FIGURE 61-2 Radiation cross-linking process for polyethylene. A, The first step involves irradiation of the polyethylene molecule. B, Next, irradiation produces a hydrogen radical, leaving a free radical on the polyethylene molecule. C, Cross-linking requires free radicals to be present on adjacent polyethylene molecules. D, The adjacent radicals react to form a covalent bond, or cross-link, between the two polyethylene molecules.

The extent of cross-linking in polyethylene is proportional to the absorbed dose of radiation. Historically, polyethylene bearings were gamma sterilized at a dose of 25 to 40 kGy. This dose resulted in the formation of some cross-links. Saturation of cross-linking was achieved only at approximately 100 kGy of absorbed dose. Today, cross-linked polyethylenes are processed with a total dose ranging from 50 to 105 kGy, depending on the manufacturer.¹⁵ In general, increasing the dose provides a proportional improvement in wear resistance, as quantified by a hip simulator, with diminished benefits observed above 100 kGy.^19,²⁰ The precise reasons why cross-linking improves wear resistance are still not completely understood but are thought to derive mostly from the improved resistance to uniaxial orientation that accompanies cross-linking.^21,²² The dominant wear mechanism for polyethylene in hips involves preferential orientation, followed by debris formation resulting from cross-shear.²³ Because cross-linking makes it more difficult for the material to become oriented preferentially, the usual wear mechanism in hip replacements is disrupted.

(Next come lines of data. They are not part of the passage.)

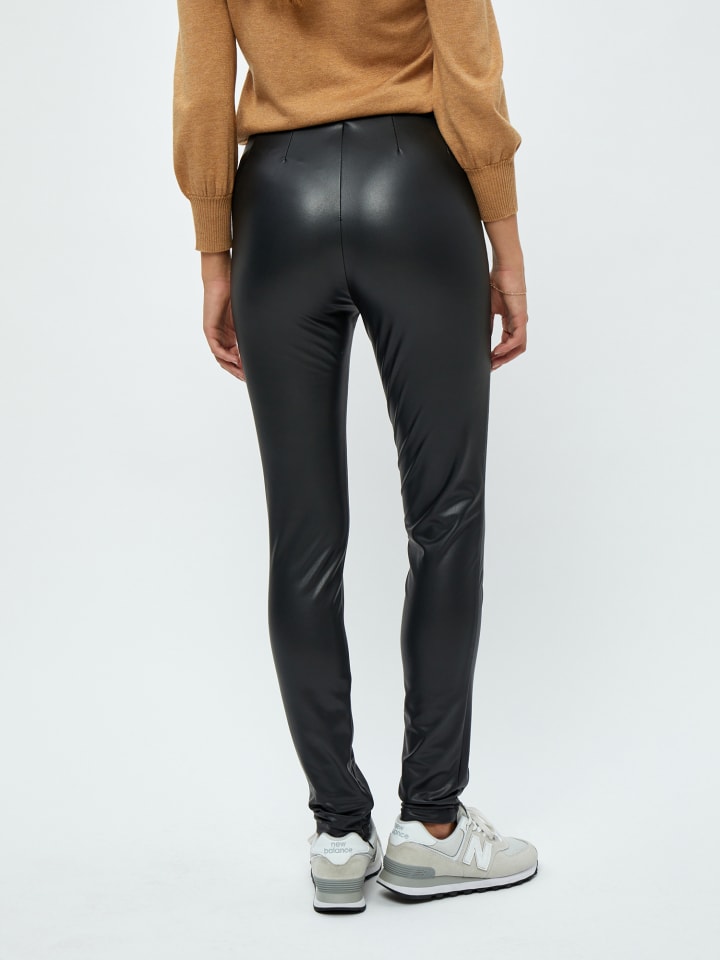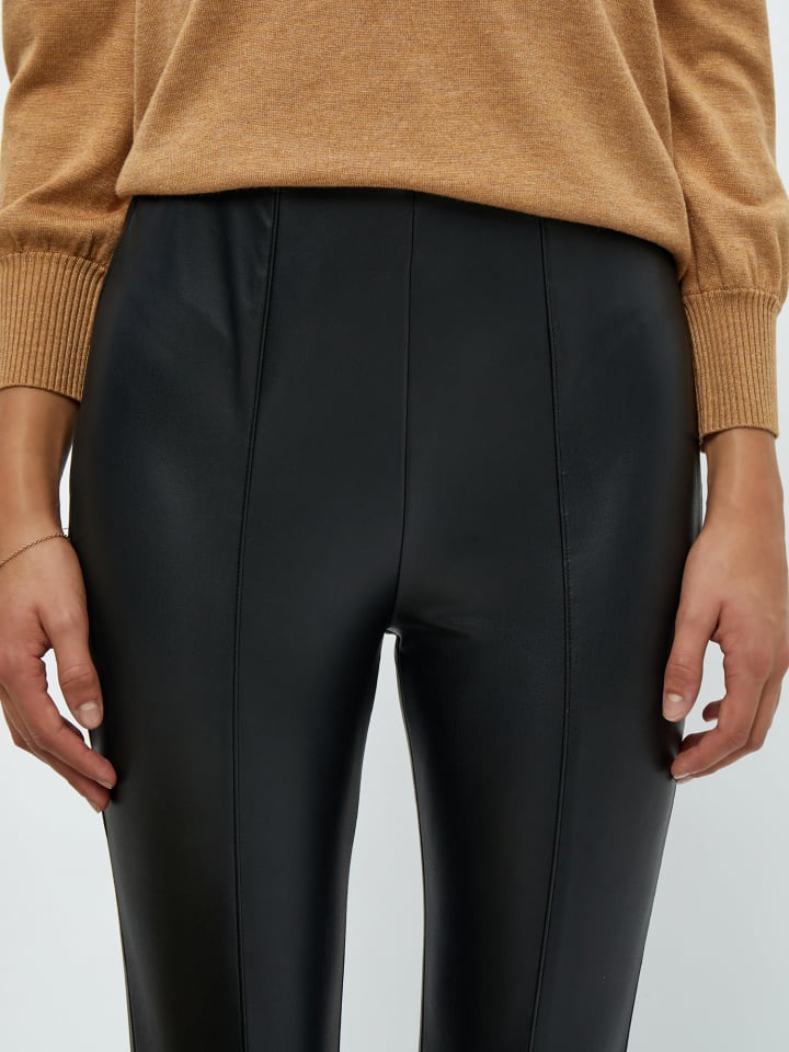 Леггинсы из искусственной кожи с потайным эластичным поясом и боковой молнией. Леггинсы имеют два декоративных шва спереди на каждой штанине и складки на талии сзади. Также на штанинах есть две потайные молнии.
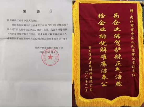 四川新闻网消息(陈颖)11月5日,市中区法院经开区人民法庭执行工作组法官收到了申请执行人重庆洋典建筑材料有限公司邮寄来的写有“为企业保驾护航正气浩然,给企业排忧解难廉洁奉公”的锦旗和一封感谢信。
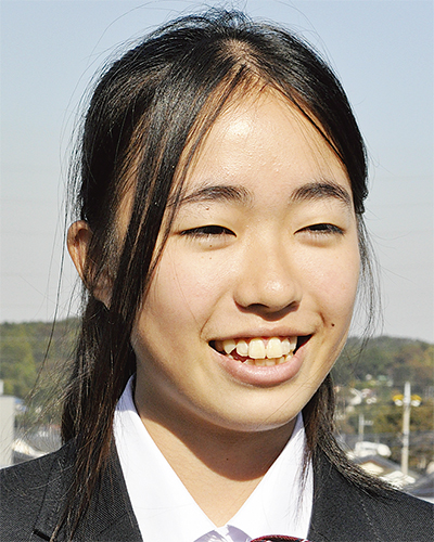 ○…話す声は、細く透明感があり、その口調もおっとり。おしとやかな印象だが、バドミントン部に所属し、仲間とともに汗を流す。「ふたりで協力し合って楽しめるダブルス戦が好き」。バドミントンの魅力について、「力いっぱい打ち込みができるところ」と頼もしい一面も見せる。
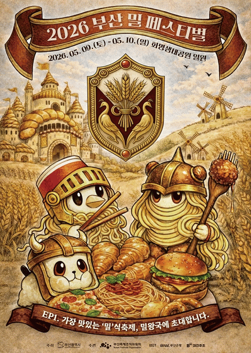 ¿ÃÇØ·Î 3ȸ¸¦ ¸ÂÀÌÇÏ´Â '2026 ºÎ»ê ¹Ð Æä½ºÆ¼¹ú'Àº Çѱ¹ÀüÀï ÀÌÈÄ ÁÖ¿ä ¹Ð Áý»êÁö¿´´ø ºÎ»êÀÇ ¿ª»çÀû ¹è°æÀ» Åä´ë·Î, Àηù ¿ª»ç»ó Áß¿ä ½Ä·®ÀÌÀÚ ¼¼°è 3´ë ÀÛ¹°ÀÎ ¹Ð·Î ¸¸µç À½½ÄÀ» ´Ù¾çÇÏ°í ±í°Ô °æÇèÇÒ ¼ö ÀÖµµ·Ï ±âȹÇß´Ù.
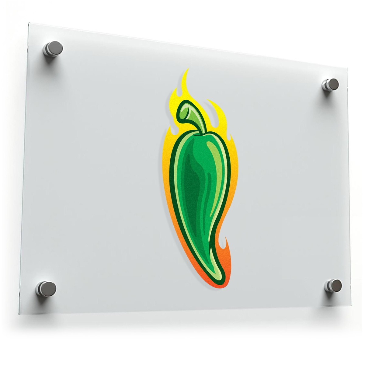 Fiery Green Chili Pepper Vinyl Sticker 🌶️ Spice Up Your Space: This fiery green chili pepper sticker with a vibrant flame backdrop adds a bold, spicy touch to any surface, perfect for those who love a little heat! 🌶️

One choice an implant designer has to make is the method of cross-linking (e.g., gamma versus electron beam radiation). If irradiation is to be carried out using electron beam irradiation, the designer must consider the additional factor of irradiation temperature, because the rate of energy dissipation increases the temperature above the melting temperature.²⁰ Of the five major orthopedic manufacturers currently producing cross-linked polyethylene implants, one has chosen electron beam irradiation, whereas the other four use gamma radiation cross-linking.

Although resistance to multiaxial deformation is desirable for wear resistance in a hip application, cross-linking reduces the ductility and resistance of polyethylene to uniaxial tension. The resistance of polyethylene to fatigue and fracture also decreases with increased dose.²⁴^–²⁶ Therefore the dose of a cross-linked material is chosen with not only wear resistance in mind, but also the impact the dose will have on other desirable mechanical properties, such as ductility and fracture resistance. Because cross-linking improves certain properties at the expense of others, developers of orthopedic implants must balance cross-linking with the desire to maintain mechanical properties and/or oxidation resistance.